Heredar una vivienda suele percibirse como un trámite relativamente sencillo: aceptar la herencia, firmar la documentación y decidir qué hacer con el inmueble. No obstante, según advierte el asesor fiscal José Manuel Orta, algunas decisiones tomadas durante este proceso pueden acabar generando problemas con Hacienda años después. "Muchas familias piensan que el verdadero problema es el impuesto de sucesiones, pero en muchas ocasiones los problemas aparecen más tarde, cuando la vivienda se vende", explica.

La decisión que puede marcar la diferencia

Según señala Orta, uno de los errores más habituales se produce al asignar un valor a la vivienda heredada. "La lógica que sigue mucha gente es sencilla: si doy un valor más alto a la vivienda cuando la heredo, cuando la venda tendré una ganancia patrimonial menor y pagaré menos impuestos o incluso una pérdida patrimonial y me ahorro el pago en IRPF", explica. Esta "táctica exitosa" sale muchas veces incluso de notarías que aconsejan a los herederos que hagan esto tan sencillo. No obstante, advierte que esta estrategia puede convertirse en un problema si este valor no está correctamente justificado.

¿Cuándo llega el problema?

Lo más llamativo es que, en muchos casos, la operación parece perfectamente cerrada durante años. La familia acepta la herencia vende la vivienda, presenta su declaración de la renta y continúa con normalidad. "Es precisamente por eso por qué mucha gente se confía. El problema no suele aparecer al heredar ni al vender, sino tiempo después, cuando Hacienda revisa la operación de la venta del inmueble", señala.

Según Orta, cuando Hacienda detecta discrepancias entre el valor declarado y otros criterios de valoración, puede solicitar documentación que justifique el importe utilizado. "Si no existen informes, tasaciones o elementos objetivos que permitan defender ese valor, la situación se puede complicar bastante", explica. En estos casos pueden llegar liquidaciones complementarias, intereses de demora e incluso sanciones.

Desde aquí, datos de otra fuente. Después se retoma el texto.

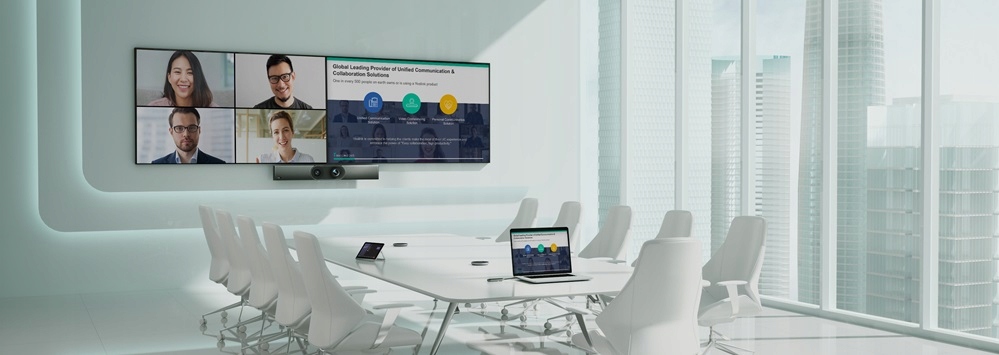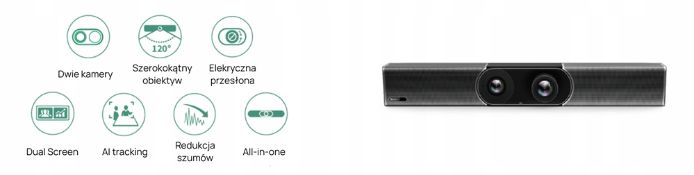 System kamer z podwójnym obiektywem obejmuje kamerę optyczną z 10-krotnym zoomem hybrydowym i kamerę 4K z polem widzenia 120, zapewniając wyraźne wrażenia wizualne. Wraz z elektryczną przesłoną zapewniającą prywatność, technologie AI, w tym automatyczne kadrowanie i śledzenie mówcy, pozwalają użytkownikom doświadczyć inteligentniejszej i bezpiecznej wideokonferencji.

Por ello, el asesor fiscal insiste en la importancia de analizar cada caso de forma individual antes de tomar decisiones que puedan tener consecuencias futuras. "No todas las herencias son iguales. Lo que parece una buena idea para ahorrar impuestos puede acabar generando un problema mucho mayor si no está correctamente planteado", concluye.

Orta recomienda estudiar con detalle cualquier herencia que incluya bienes inmuebles, especialmente cuando existe la intención de venderlos a corto plazo. Las herencias son una de las operaciones patrimoniales más importantes que realiza una persona a lo largo de su vida. Vale la pena dedicar tiempo a hacerlas bien, concluye.